Der vorläufig letzte Akt der Selbstherrlichkeit war die faktische Bestimmung Gorlebens als Endlager für den Atommüll. Hier unternahm die Regierung nicht einmal mehr den Versuch einer rationalen Begründung. Was die gegenwärtige Regierung betreibt, ist Dialogverhinderung mittels Pseudodialogen. Wo Sachauseinandersetzungen angezeigt wären, sieht sie nur ein "Vermittlungsproblem".
Deshalb war es so wichtig, dass das Fernsehen, normalerweise das Medium des Pseudodialogs, genauer der Sender Phoenix, die Stuttgarter Auseinandersetzung live übertrug. Argument und Gegenargument verhakten sich, kritische Nachfragen verhinderten die Flucht in Gemeinplätze. Wie in einem Lehrstück wurde die Rationalität der Neubaugegner dramatisch nachvollziehbar.
Dialogverhinderung von oben
Wird diese Kombination aus Vernunft und Zorn irgendetwas zustande bringen, was die hohe Zeit des Protests überdauern, was die "Bürgereinschaltung" in die politische Kultur Deutschlands befördern wird?
Es gibt Stimmen, keineswegs nur aus dem Lager der Rechten, die Protestbewegungen wie denen von Stuttgart jede politische Bedeutung absprechen. Für diese Kritiker sind solche Protestbewegungen partikular, am eigenen Nutzen orientiert und ohne jeden Bezug auf das Gemeinwohl. Angehörige der Mittelschichten, so ihre These, sind nur so weit zum Protest willens, wie dieser in ihrem unmittelbaren Interesse liegt. Nach dieser Logik dürften die Grünen nicht für die Bürgerversicherung eintreten, immerhin verstößt sie gegen die materiellen Interessen ihrer Klientel.

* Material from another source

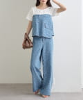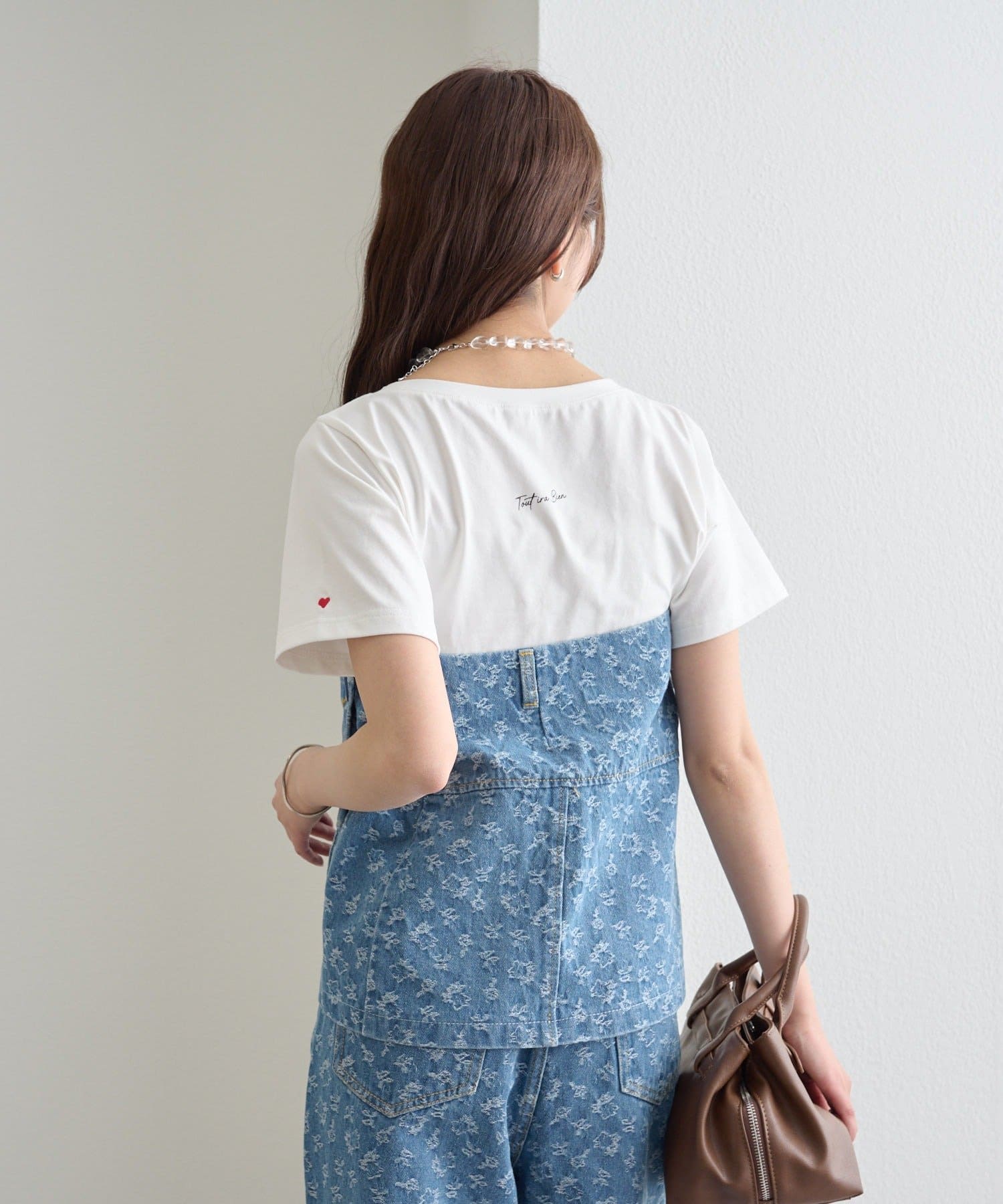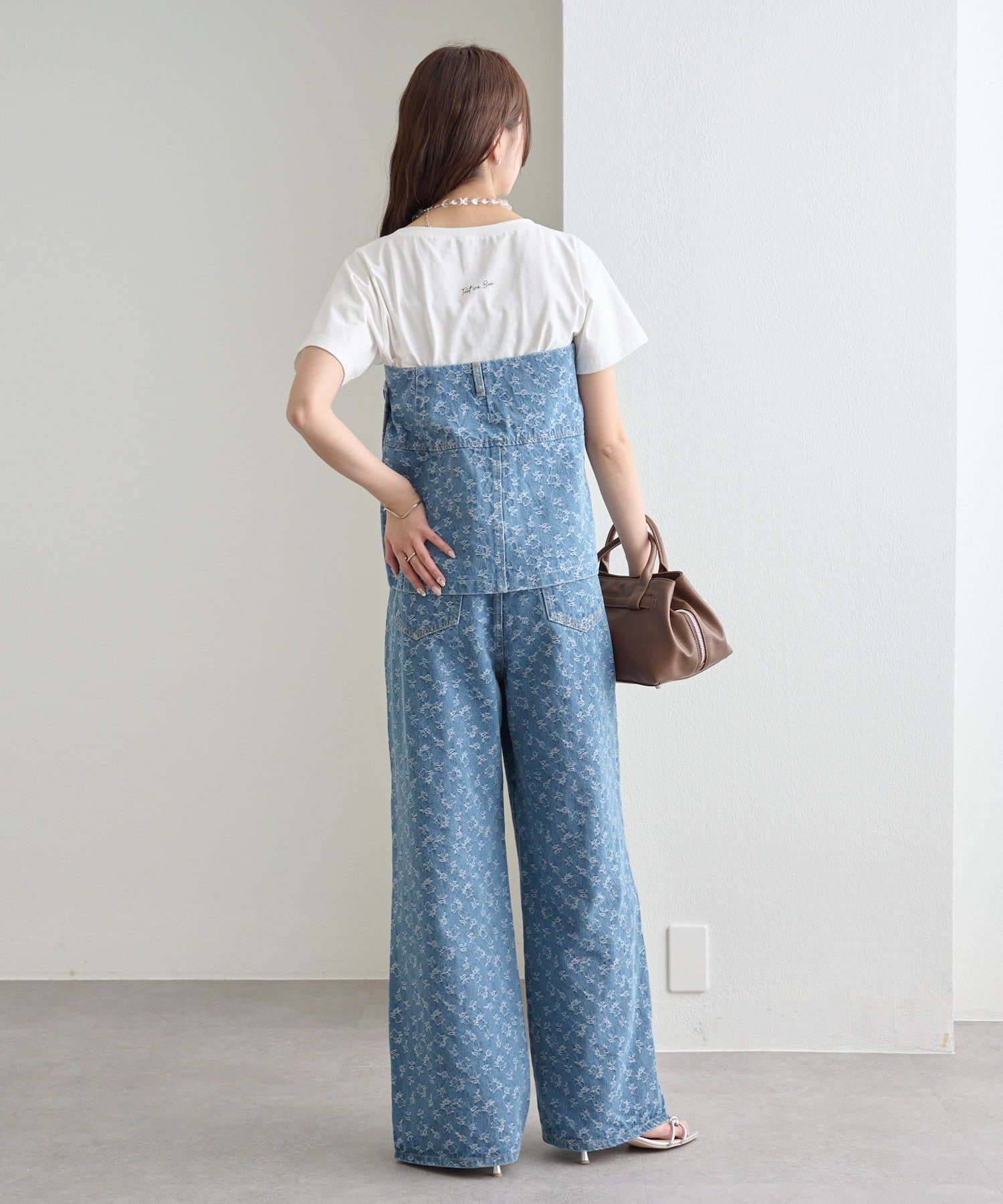 ・カジュアルになりがちなデニムアイテムも、小花柄デザインで女性らしく柔らかい印象に。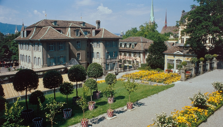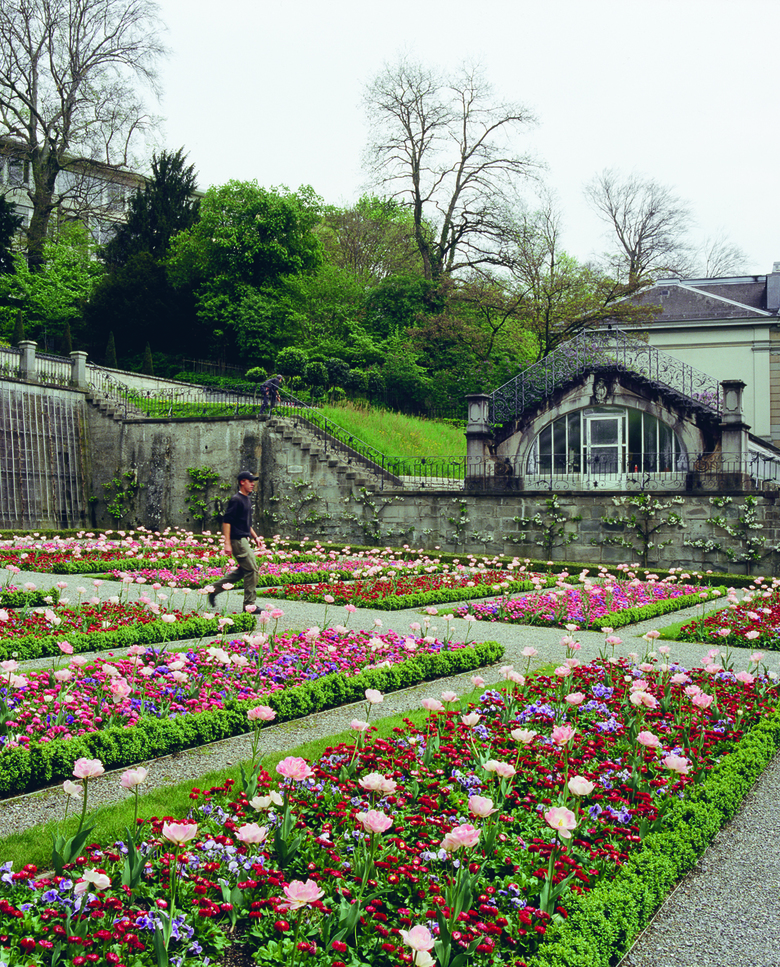 Der Garten zum Palais stammt aus der 2. Hälfte des 18. Jahrhunderts und gilt als einer der prächtigsten Barockgärten der Stadt Zürich. Er wurde seit seiner Erstellung oft umgestaltet. Nach dem Wegzug der Universitätsgärtnerei im Jahre 1985 sind die alten Treibbeete abgebrochen und der ganze Garten ist der Öffentlichkeit zugänglich gemacht worden. Die nach denkmalpflegerischen Kriterien wichtigen Mauern, Wiesenböschungen und Bäume werden als originale Substanz der verschiedenen Bauetappen geschützt und sanft saniert. Zusätzliche Einbauten und Pflanzungen ergänzen den Garten nach historischem Vorbild in zeitgenössischer Sprache. Seit 1992 wachsen in buchsgefassten Beeten Reben, Birnenspaliere, Weichseln und Blumen. Der Wechselflor wird jedes Jahr farblich neu zusammengestellt. Der grosse gärtnerische Aufwand ist dank der eigenen Universitätsgärtnerei möglich. Der Rechberggarten dient als Ort der Entspannung inmitten der Stadt. Der prachtvolle Ziergarten erzählt sowohl vom alten Zürich wie von den wechselnden Gartenmoden.Hochbauamt Kanton Zürich

Tun sie aber doch - um das Gesundheitswesen im Ganzen in Ordnung zu bringen.
Marx sagte zu Recht, dass sich Ideen (wie die des Gemeinwohls) stets vor den Interessen blamieren. Aber der Anspruch protestierender Bürger, sich in die eigenen Angelegenheiten einzumischen, erfolgt nicht im Rahmen einer abstrakten Idee vom engagierten Citoyen. Sondern sie entspricht der Einsicht, dass die Politikerkaste sich zunehmend unfähig zeigt, auf vernünftige Weise praktische Probleme zu lösen. Der Griff nach der Notbremse, von dem Georg Seeßlen in der taz schrieb, entspricht einem vernünftigen, interessengeleiteten Nutzenkalkül. Und er dient dem Gemeinwohl.

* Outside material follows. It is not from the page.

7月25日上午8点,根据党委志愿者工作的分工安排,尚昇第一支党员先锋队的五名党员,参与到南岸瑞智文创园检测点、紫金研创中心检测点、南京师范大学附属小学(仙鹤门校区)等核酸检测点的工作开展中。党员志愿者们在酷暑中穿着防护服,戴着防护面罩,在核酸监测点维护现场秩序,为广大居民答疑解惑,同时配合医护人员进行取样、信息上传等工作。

Aus dem Regierungslager tönt nun, die Mediation von Stuttgart könne das Vorbild abgeben für die Beratung künftiger Großprojekte. Dabei bleibt die Grundbedingung dieses Angebots, dass das Handeln des Staates stets alternativlos ist, unangetastet.

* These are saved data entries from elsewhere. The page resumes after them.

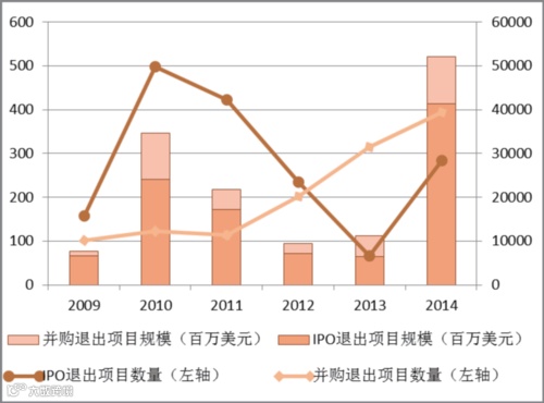 2014年全年,从PE项目最重要的IPO和并购两个渠道来看,退出数目与规模数据的同比增幅分别高达为78%和369%。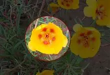 大花马齿苋:一年生草本,高10-30厘米。茎平卧或斜升,紫红色,多分枝,节上丛生毛。叶密集枝端,较下的叶不规则互生,叶片细圆柱形,无毛。花单生或数朵簇生枝端,直径2.5-4厘米,…全部>>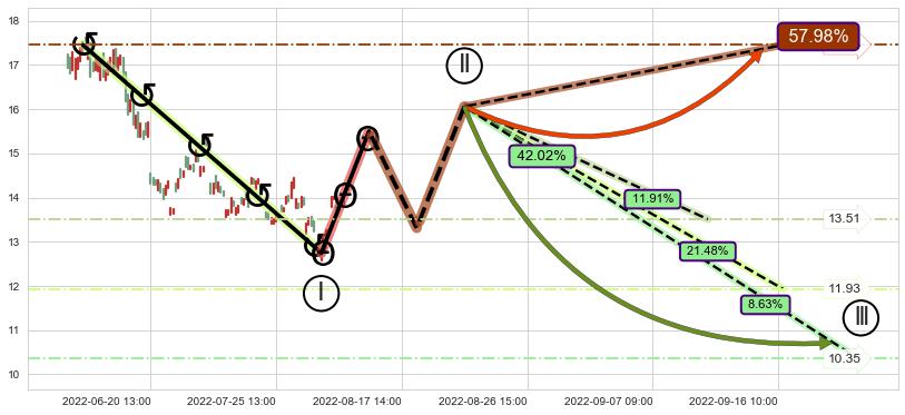 ♘ 阻力价格位16.02,可信任强度76.30%,距离最后交易2022-08-12 14:00形成的收盘价格14.20相差 +12.81%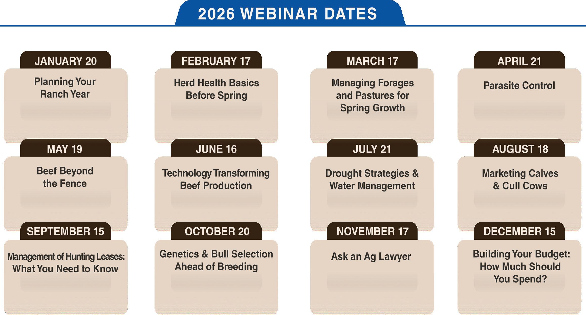 Ranching 101: Managing Forages and Pastures for Spring Growth Where: Online When: 1 p.m.

Trotz der Niederlage durch den Schiedsspruch ist hier noch nichts verloren. Wie schon zu Zeiten der AKW- und Friedensbewegungen eröffnet sich die Chance, den Protest zu verstetigen, sogar durch neue Organisationsformen abzusichern. Die Zeit ist der Gründung von autonomen Bürgerversammlungen günstig, ins Leben gerufen, um sich über wirkliche Alternativen zu den Projekten der Machtelite zu verständigen.